2. Repetition & Pacing: Players report the camp management tasks and battle sequences becoming monotonous. A specific complaint from late 2025 notes a “glitch” where an entire year (1916) in camp felt empty, with repeated event triggers, highlighting the need for more dynamic, varied content to break the cycle.
3. Illusion of Agency: While choices affect Morale/Prestige, many feel the outcomes are too scripted and consequences lack tangible weight. There is a desire for a “sandbox mode” and more impactful, branching narrative paths.
4. Missing Systems: The most requested features are a training/skill improvement system (now partially here), more dynamic and lighthearted events to offset the grimness, and clearer UI feedback on stats and decision impacts.

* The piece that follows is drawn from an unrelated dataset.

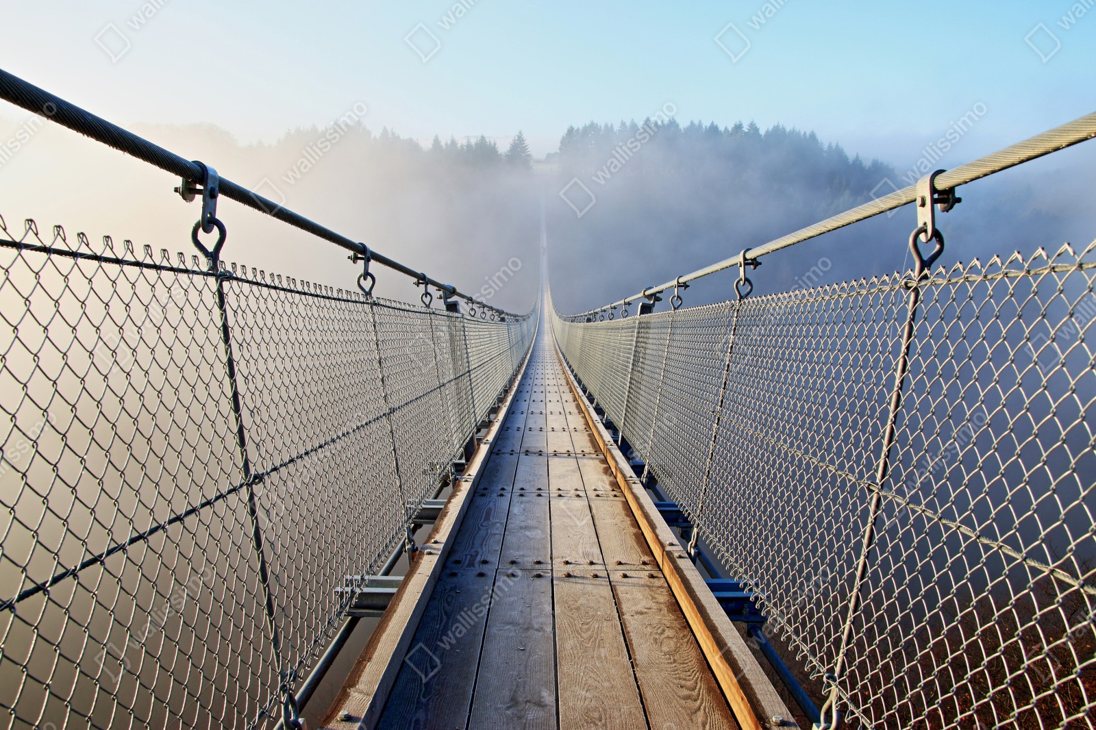 Beeindruckende Perspektive einer nebligen Hängebrücke, die in einen mystischen Wald führt, perfekt, um Tiefe und Ruhe in Ihr Interieur zu bringen.

The lone critic review from GameStar (Germany) perfectly encapsulates the dichotomy: it calls it an “exciting strategy game with interesting mechanics and great implementation of setting,” but directly compares it to This War of Mine, stating the developers must “not only show the player a dilemma, but make them feel it.” The potential is seen as enormous; the execution is seen as currently uneven.

Its legacy is, as of early 2026, still being written. It is a niche title with a dedicated but small player base (concurrent players hovering around 10-20). Its true influence will depend on its ability to overcome the Early Access hurdles and deliver a polished final product. If it succeeds, its legacy will be as a pioneer of the “unwinnable war” genre, a game that made the futility and bureaucracy of WWI a central, playable theme rather than a backdrop. It stands in a lineage with games like Spec Ops: The Line (which deconstructed shooter heroism) and Papers, Please (which made bureaucracy a moral nightmare), but applies that lens to historical warfare. It may also influence future historical games to focus on lower-tier command and the daily grind rather than grand strategy or heroics.

Conclusion: A Trench of Its Own

All Quiet in the Trenches is not a finished masterpiece. It is, in the purest sense, a work in progress—a bold and uneven experiment laid bare in the public crucible of Early Access. Its greatest achievement is its unwavering moral clarity and its translation of WWI’s defining characteristic—the utter insignificance of the individual against the tectonic plates of history—into a compelling interactive metaphor. The game’s slogan, “You cannot win, but maybe they can survive,” is a devastatingly simple summary of its entire design philosophy.

Yet, for every moment where a journal entry from a homesick soldier or the quiet tragedy of a battlefield grave-digging project lands with emotional force, there is a battle sequence that feels like a broken, clunky obstacle. The management loop is deep and engaging, but it risks becoming a repetitive chore without more dynamic world events and clearer systemic feedback.

This review must be a dual verdict. As it stands in Early Access (circa early 2026, post-Soldier Update, pre-Hospital Update): All Quiet in the Trenches is a highly recommended experience for a specific audience—the history buff, the narrative sim enthusiast, the player seeking a somber, reflective experience over power fantasy. Its flaws are significant and often frustrating, but its heart is in the right place, and its best moments are uniquely powerful. In its potential final form: if Totally Not Aliens can refine the combat AI, inject more dynamic variety into the cycle, and flesh out the soldier relationships and mental health systems as planned, it has the makings of a landmark title in historical and narrative gaming. It could become the definitive interactive adaptation of the WWI experience, not through spectacle, but through the cumulative weight of a thousand small, futile, and profoundly human decisions. It is a game fighting its own war against clunky mechanics, and its survival—like that of the soldiers it portrays—is far from assured, but worth rooting for. The trenches are quiet, but the development struggle is loud, and the world should be listening.